In [1]:
import pandas
import numpy as np

In [2]:
SEED = 12345

## Dataset

We rely on a ground-truth dataset provided by Golzadeh et al. The dataset contains around 5,000 accounts that were manually identified as bots or humans by three raters. The rating application displayed the most recent comments made by each account, and a decision had to be made based on these comments. By default, and if there are enough comments, the 20 most recent ones are displayed. 
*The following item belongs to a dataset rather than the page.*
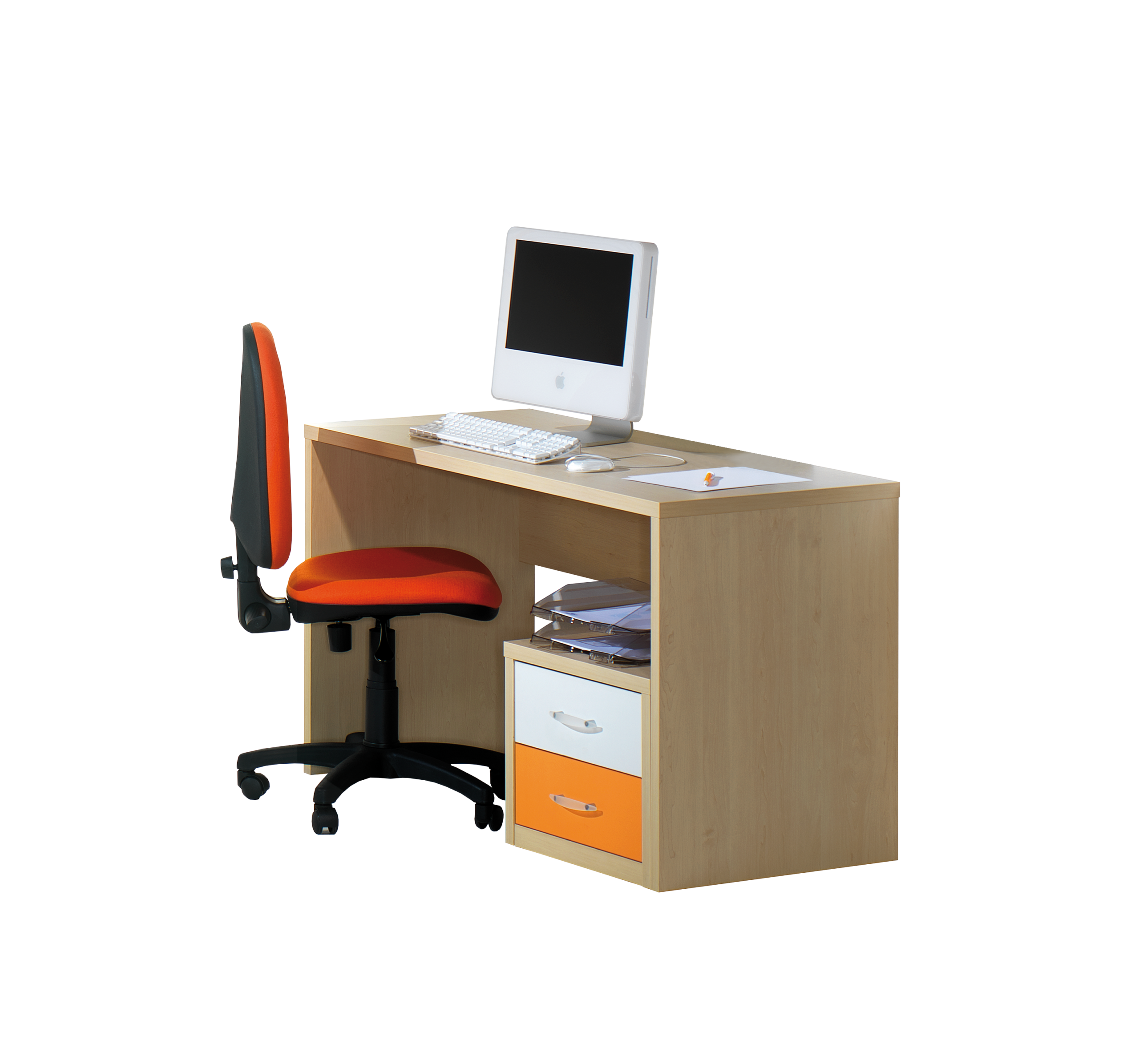 Funcional e prática, a Secretária simples Kids é o complemento ideal para um quarto de estudante. De linhas direitas e inúmeras combinações possíveis, desde branco, faia ou maple, com pormenores nos tons verde, laranja, vermelho, azul, lilás ou rosa, dá ao quarto um toque de cor, tornando-o mais divertido. Com possibilidade de adicionar bloco de 2 gavetas.

In their work, a label (bot or human) is attributed to each account based on these comments. Since our goal is to work at the granularity of the comments and not of the accounts, we asked them to send, for accounts that have at least 20 comments, the ones that were displayed to the raters. The idea is that since these comments were the basis to made a decision about these accounts, it is very likely that the comments belonging to a bot (resp. to a human) were made by a bot (resp. by a human).

In [5]:
df = (
    pandas.read_csv('../data-raw/comments.csv.gz')
)

In [6]:
df.sample(n=10, random_state=SEED)

Unnamed: 0,commenter,comment,label
18401,b'wYeBGdDRbOzwxtkFiKTPeg==',Testing:\r\n- `npm run test-e2e`: passed\r\n- ...,Human
10684,b'ryMz7+sTtRIpb4Gcvm5llw==',"For the latest 1.6 release, I merged a few ver...",Human
6964,b'MSuTYRBQJS0vUYVvktWfXQ==',GitHub reverse integration Pull Request for co...,Bot
9206,b'Kvb12/QOb5z1r/z1gmG5fQ==',@pbteja1998 Hello from Gitcoin Core - are you ...,Bot
4661,b'7DgHJyohvrYD6EgXaCS7Ug==',**Build failed**\n[Swift Test OS X Platform](h...,Bot
3487,b'c+RTfnO9yWMJsuqS8tNiEw==',This pull request is not suitable for automati...,Bot
1672,b'vGW+/s2flqimoAvtAIKsMQ==',Closing obsolete PR.,Bot
5107,b'wW7Bo+Sq0Nf7aLBGuNvGtA==',Test live: https://calypso.live/?branch=add/co...,Bot
17936,b'L1cD+/A284M3kcu9j+ToXw==',"### Issue Description\r\n\r\nHi there, I'm get...",Human
6723,b'Me7LHfdo+lkhHQZRaKK3hQ==',\n<!--\n 0 failure: \n 3 warning: Please ad...,Bot


In [7]:
df = (
    df
    .assign(training=lambda d: d['commenter'].isin(
        df
        # Group per class
        .groupby('label', as_index=False, sort=False)
        .apply(lambda g: 
            g
            .drop_duplicates('commenter')
            .sample(frac=0.5, random_state=SEED)
            .commenter
        )
    ))
)

In [9]:
(
    df
    .groupby(['label'])
    .agg({'comment':'count','commenter':'nunique'})
)

Unnamed: 0_level_0,comment,commenter
label,Unnamed: 1_level_1,Unnamed: 2_level_1
Bot,9641,519
Human,9641,4090


In [10]:
df['label'] = (df['label'] == 'Bot').astype(int)

In [12]:
df[df.training].to_csv('../data/df_training.csv.gz',index=False)
df[~df.training].to_csv('../data/df_test.csv.gz',index=False)